Dilated convolution is widely used in deep convolutional neural networks (DCNNs) for 2D image processing, such as semantic image segmentation [26, 32] and object detection [49, 50]. Dilated convolution can expand the receptive field without additional parameters, but it has the problem of grid artifacts. Some existing solutions [27,28,29,30,31] have been proposed to address the grid artifacts problem. For instance, Wang et al. [27] proposed a hybrid dilated convolution (HDC), which compensates the local information of a single dilated convolution by adopting multiple dilated convolutions with the different dilation rates, and then integrated dense upsampling convolution (DUC) is used to restore the resolution of image segmentation. Yu et al. [31] added some traditional convolution blocks after the dilated convolution layer, and Hamaguchi et al. [28] added several dilated convolution layers with a decreasing dilation rate to alleviate the grid artifacts problem. These degridding methods tried to avoid losing local spatial information in a single dilated convolutional layer by adding different blocks in dilated convolutional layers, but the computational cost will increase exponentially with the number of dilated convolutional layers.

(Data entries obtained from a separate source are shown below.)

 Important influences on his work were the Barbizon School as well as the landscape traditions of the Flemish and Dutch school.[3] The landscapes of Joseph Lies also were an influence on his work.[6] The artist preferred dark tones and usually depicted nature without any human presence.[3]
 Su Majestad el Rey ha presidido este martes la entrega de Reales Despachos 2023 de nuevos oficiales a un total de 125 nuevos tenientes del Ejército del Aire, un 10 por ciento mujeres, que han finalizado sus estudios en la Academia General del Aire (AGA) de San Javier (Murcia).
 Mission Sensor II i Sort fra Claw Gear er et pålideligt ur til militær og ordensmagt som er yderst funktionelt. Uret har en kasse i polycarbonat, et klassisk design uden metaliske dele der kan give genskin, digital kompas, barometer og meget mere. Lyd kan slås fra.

Different from these studies, Wang and Ji [29] proposed two simple and effective degridding methods, which solve grid artifacts by smoothing the dilated convolution operation itself. Wu et al. [30] proposed a Kronecker convolution, which first adopts the Kronecker product expansion convolution kernel to consider the partial features neglected by dilated convolutions and then designs a tree structure to fuse the multiscale Kronecker convolutions. The abovementioned methods have achieved good performances, but methods [27, 28, 31] dramatically increase the computational cost. Method [30] does not greatly increase the computational cost, but it requires presetting a parameter to determine the shape of the convolution. Method [29] is a relatively good method among those mentioned.

The above methods [27,28,29,30,31] focus on relieving spatial grid artifacts in dilated 2D convolutions, rather than temporal grid artifacts in dilated 1D convolutions. Therefore, to alleviate temporal grid artifacts, we are inspired by [29] and propose an SC. To the best of our knowledge, this is the first time that temporal grid artifacts have been considered in action segmentation from the perspective of dilated 1D convolution.

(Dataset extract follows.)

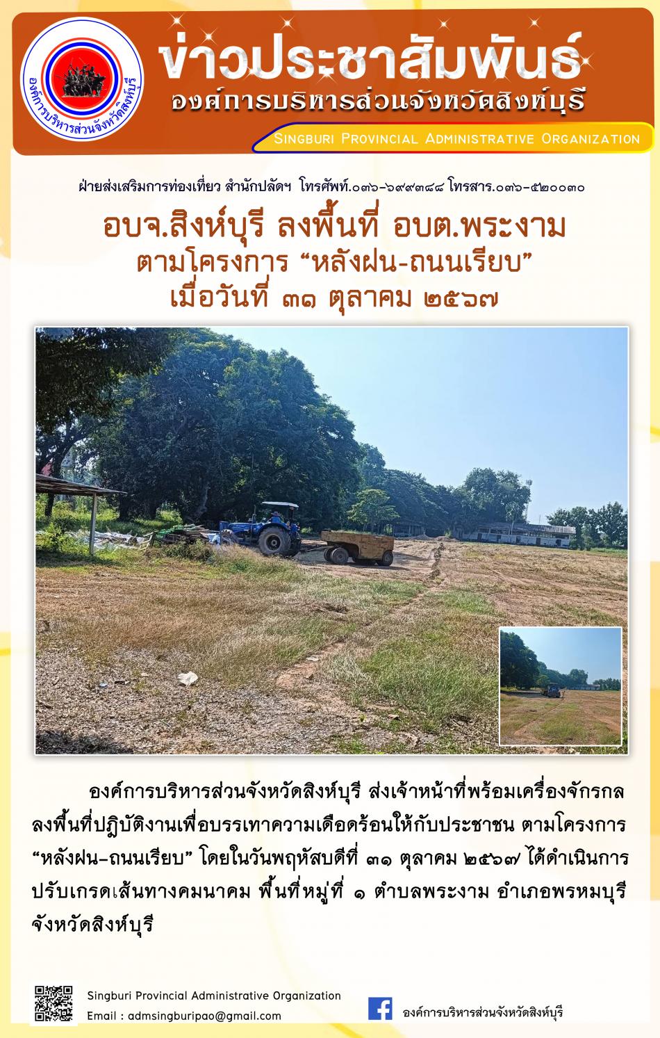 อบจ.สิงห์บุรี ลงพื้นที่ อบต.พระงาม ตามโครงการ "หลังฝน - ถนนเรียบ" [31 ตุลาคม 2567]

2.3 Multiscale feature fusion

In the field of image segmentation, the full convolutional network (FCN) [51] has a relatively good performance. Therefore, many segmentation methods have been proposed based on the architecture of FCN, which are mainly divided into two categories: dilated FCNs [26, 32, 52, 53] and encoder-decoder networks [54,55,56,57].

Dilated FCNs adopt dilated convolution to maintain the receptive field and combine multiscale context modules to process high-level semantic features. For instance, Chen et al. [32] proposed atrous spatial pyramid pooling (ASPP), which employs parallel atrous convolutional layers with multiple dilation rates to capture multiscale contextual information. Zhang et al. [53] proposed a context-encoding module to capture global contextual information.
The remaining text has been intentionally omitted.